Judge John Elfein handed down his decision yesterday, rejecting the request for an injunction to curtail rally activities of the neo-Nazis on constitutional grounds. He held that the neo-Nazis had not chosen the time and place for their demonstration in Niagara Square “to commit or provoke physical violence.”

The injunction Elfein refused to issue would have barred the neo-Nazis from passing out inflammatory material or making racist statements at the rally.

A number of other King commemorative events are planned for tomorrow, the main one being a city-wide assembly in Lafayette Square. Other events are a concert tribute to King’s memory tomorrow and a Jan. 18 meeting sponsored by B’nai B’rith at the Jewish Community Center. The Federation asked Jews to attend only those three events.

In a letter mailed last Friday to all 7000 Buffalo Jewish families, the Federation urged local Jews to attend the Lafayette Square program, at noon, organized by the City’s Black Leadership Forum, comprised of all major Black organizations in the city, according to Gail Kaplan, Federation president.
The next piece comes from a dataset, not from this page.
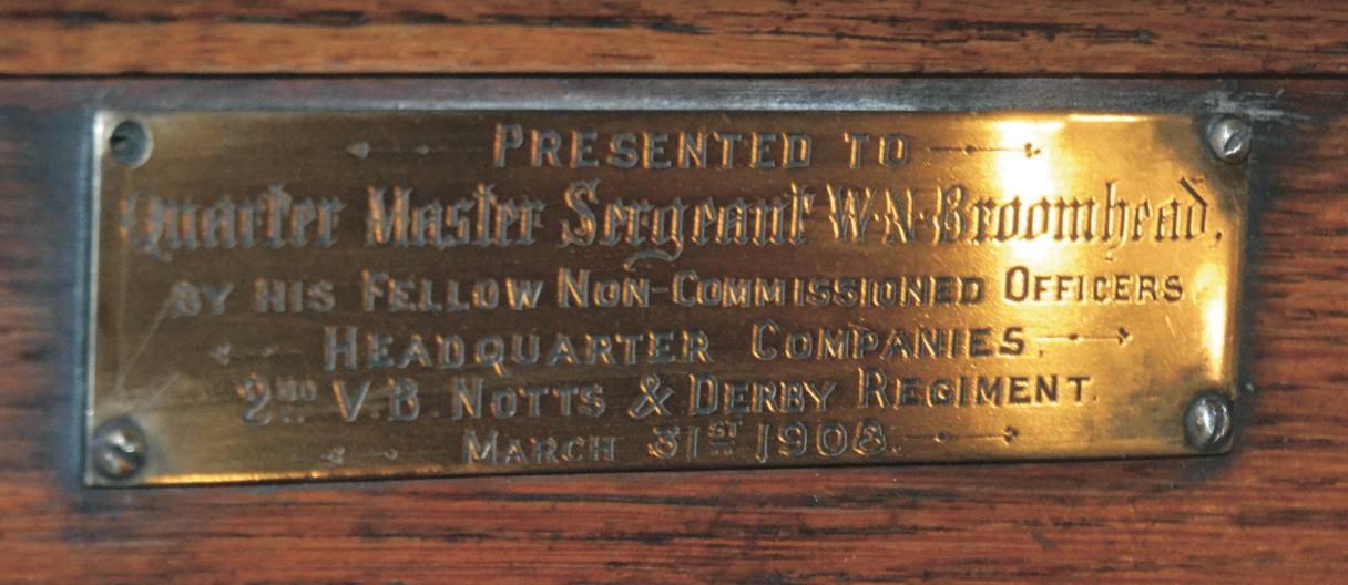 I recently purchased William North Broomhead’s medal group and have found several photos on here of him at various summer camps and in France. Also some pics of his Officers Papers. Do you mind me asking if you have all these? I would really like a copy of them if you do (sorry to sound cheeky). Also, do you know the whereabouts of the brass plate?

The Lafayette Square rally is being cosponsored by the National Conference of Christians and Jews and by many other community organizations, including the Federation, Mrs. Kaplan said.

LARGE-SCALE SURVEILLANCE PLANNED

Despite the federal Judge’s opinion that the neo-Nazis did not plan violence, plans reportedly have been completed to have surveillance of the Niagara meeting by helicopters, county police and possibly FBI agents, some to be stationed at windows looking down on Niagara Square.

A group called the Martin Luther King Day Coalition planned a demonstration at the same time in Niagara Square. Mayor James Griffin had refused to issue a permit to either group for the Niagara Square rally but both groups indicated they would ignore the permit refusal, a key factor in the decision of a group of officials and residents to seek the injunction.